Haley Wants Balance In Chiefs Offense

bob gretzContributor IMay 17, 2009

GLENDALE, AZ - JANUARY 18:  Offensive Coordinator Todd Haley of the Arizona Cardinals looks on against the Philadelphia Eagles during the NFC championship game on January 18, 2009 at University of Phoenix Stadium in Glendale, Arizona.  (Photo by Jed Jacobsohn/Getty Images)

Since the time Todd Haley was hired as head coach back in February, many among the pundit class and the average fan of the red and gold have been trying to decipher how the 2009 Chiefs would look on offense and defense.

Almost all the attention has been on whether the Chiefs would play a 4-3 or 3-4 defense.  There have been lengthy debates on the airwaves and over the blogosphere about the merits of each scheme and the availability of talent wearing red and gold to play them.  Invariably, Haley was asked questions seeking answers to the defense.

The truth is, there’s no definitive answer, because Haley and his coaching staff are still trying to figure out what type of players they have on the roster right now.  Certainly, the Chiefs are going to move in the direction of the 3-4 defense; when your top talent evaluator is a guy who helped build a Super Bowl winning 3-4 defense, it wouldn’t make much sense to not tap that talent and history.

As for the ’09 Chiefs, it would be folly for them to attempt to play the 3-4 without players who fit the system.  That’s why this year’s defense figures to be a combination of the two schemes, designed to fit the skills of the players that survive training camp and the preseason and are on the roster to play the season opener in Baltimore. 

It will morph into different looks throughout the season, as players improve or regress on the production spectrum.

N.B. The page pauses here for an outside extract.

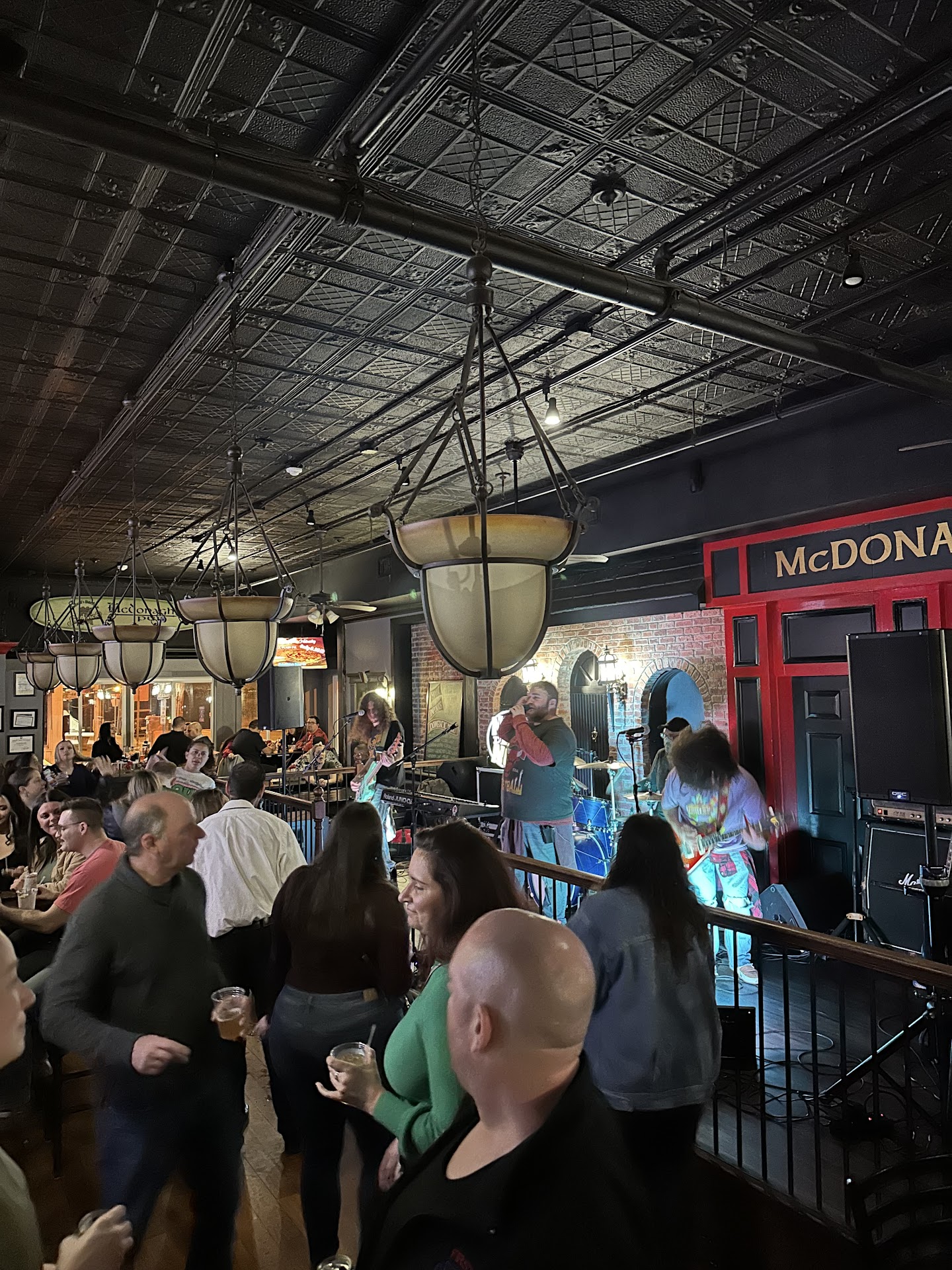 We visited Mcdonaghs on a Friday evening for a live music event with the Nine Deez Nite band (which is great by the way) and had a positive experience. Please note that I had made a reservation through the Open Table site for a high top table for the latest available time slot of 9pm but when we arrived there all tables had already been removed. The only available tables were low/regular tables at a different dining area away from the band. The positive side is that by removing the tables near the band the dance floor was more spacious but they shouldn’t allow reservations if they are going to remove tables. We ended up seating at the bar. They have some beer specials after 9pm ($12 domestic pitcher) which is a good deal. Domestic pints are $4 which is also a good deal. Food is also decent. I had the buffalo wings which were tasty and we also had a margherita pizza which was very thin but tasty as well. Keep in mind that after 10pm they only offer the late night menu with limited choices and I believe this goes until midnight. The bartenders, especially the blonde lady, are helpful and friendly. Also there’s plenty of street parking and a public parking lot in the back so if you go during the evening like we did I don’t think you will have trouble finding parking especially because it’s a quiet area and not so much going on around McDonaghs.

There have been far fewer questions and very little discussion on what type of offense the Chiefs will employ in the ’09 season. There seems to be a general feeling in the Chiefs Nation that, based on the type of offense Haley coordinated during his two years with the Arizona Cardinals, this year’s red and gold offense is going to throw, throw, throw, and throw the ball.

That’s simply not true. Haley has not shown up at Arrowhead with the idea of torching the records books by filling the sky with passes. When the smoke clears at the end of the preseason, if the Chiefs have personnel suited to pound the ball on the ground, they will run the ball like a Marty Schottenheimer team. 

If the personnel is better suited to put the ball in the air, then there may be a challenger to Air Vermeil in the team record book.

And best option of all: If they are able to be a balanced offense and run and pass, all the better.

“I’m not a coach who believes in saying we are going to do something this way, even if we don’t have the players to make that happen,” said Haley,  “That’s never made any sense to me.  You do what you do based on what’s available to you.”

So what is Todd Haley’s offensive philosophy?

“It sounds like coaching jargon,” Haley said, “But it’s to utilize the players that we have to the best of their ability.  That’s the way I’ve been taught.  Whatever gives us the best chance to win.”

What we saw over the last two years with the Cardinals offense is exactly what Haley is talking about: utilizing players to the best of their ability. 

With a quarterback like Kurt Warner and receivers like Larry Fitzgerald, Anquan Boldin, and Steve Breaston, the strength of the Arizona offense was throwing the football.  On the other hand, the Cardinals had problems at tight end and running back and really didn’t have the players to pound the football or develop a consistent running game.

“We’d like to have balance on offense, but I think we showed last year (in Arizona) that we can do it that way, throwing the ball if that’s what’s available to us, and be successful,” Haley said.

“What’s important is to be successful, to win the game. The stats, records, stuff like that really don’t matter.  It’s about winning the game.”

So the question becomes, what weapons are available to the Chiefs offense as they prepare to begin their OTA sessions next week?  There’s Matt Cassel at quarterback and Dwayne Bowe and Bobby Engram at wide receiver.

Larry Johnson remains in the backfield. After that… it’s all question marks, in guys like Jamaal Charles (is he big enough to withstand the pounding?), Brad Cottam (can he be at least half the threat as a receiver that Tony Gonzalez was?), Mark Bradley (can he stay healthy?), and Kolby Smith (can he get healthy?)

There may be talents and skills that can be extracted from others like rookies Quinten Lawrence, Javarris Williams ,and Jake O’Connell, and others like C.J. Jones, Rodney Wright, Dantrell Savage, Devard Darling, and Jackie Battle.  There could be other components that are not on the roster right now that become factors.

The shakeout will start happening next week as the team gets together for OTA sessions. As important as the mini-camps are to a team, it’s the OTA sessions that really allow the coaches and players to get into the football routine.  There’s meeting time, a look at tape, and instruction in the classroom, followed by time on the field to make that teaching come to life.

This is when the Chiefs will really begin to figure out just what they will be on offense.  Whatever happens, count on this: It will be built around the talents of the people on hand.